History

United States
- Name: USS Magothy (AVP-45)
- Namesake: The Magothy River in Maryland
- Builder: Lake Washington Shipyard, Houghton, Washington (proposed)
- Laid down: Never
- Fate: Construction contract cancelled 22 April 1943

General characteristics
- Class & type: Barnegat-class small seaplane tender
- Displacement: 1,766 tons (light); 2,750 tons (full load);
- Length: 311 ft 8 in (95.00 m)
- Beam: 41 ft 1 in (12.52 m)
- Draught: 13 ft 6 in (4.11 m)
- Installed power: 6,000 horsepower (4.48 megawatts)
- Propulsion: Diesel engines, two shafts
- Speed: 18.6 knots (34.4 km/h)
- Complement: 215 (ship's company); 367 (including aviation unit);
- Sensors & processing systems: Radar; sonar
- Armament: Probably either 2 x 5 in (130 mm) 38-caliber guns, 4 x 20-mm antiaircraft guns, and 2 x depth charge tracks, or 1 x 5 in (130 mm) 38-caliber gun, 1 x quadruple 40-mm antiaircraft gun mount, 2 x twin 40-mm gun mounts, 6 x 20-mm antiaircraft guns, and 2 x depth charge tracks
- Aviation facilities: Supplies, spare parts, fuel, repairs, and berthing for one seaplane squadron; 80,000 US gallons (300,000 L) aviation fuel

= USS Magothy =

Tender of the United States Navy

USS Magothy (AVP-45) was a proposed United States Navy seaplane tender that was never laid down.

== Construction and commissioning ==
Magothy was to have been one of 41 Barnegat-class small seaplane tenders the U.S. Navy planned to commission during the early 1940s, and was to have been built at Houghton, Washington, by the Lake Washington Shipyard. However, by the spring of 1943 the Navy deemed that number of seaplane tenders excess to requirements, and decided to complete four of them as motor torpedo boat tenders and one as a catapult training ship.

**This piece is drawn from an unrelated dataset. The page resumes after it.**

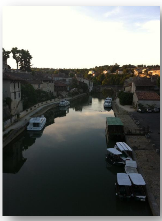
BEAUTIFUL VILLAGES ALONG THE BAISE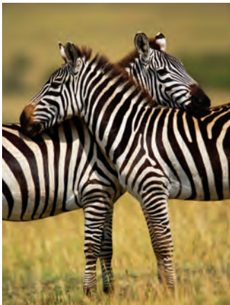
We're sure to see zebra.

Day 11: Serengeti/Masai Mara We leave Tanzania today, crossing into Kenya and continuing on to Masai Mara by air. Kenya's premier wildlife reserve rich with animal life, the Mara is the traditional homeland of the Indigenous Maasai people. Known especially for the

In addition, the Navy also decided to cancel six of the Barnegat-class ships prior to their construction, freeing up the diesel engines that would have powered them for use in escort vessels and amphibious landing craft.

Magothy was assigned her name on 23 August 1942, but became one of the first four ships to be cancelled when the Navy cancelled its contract with Lake Washington Shipyard for her construction on 22 April 1943.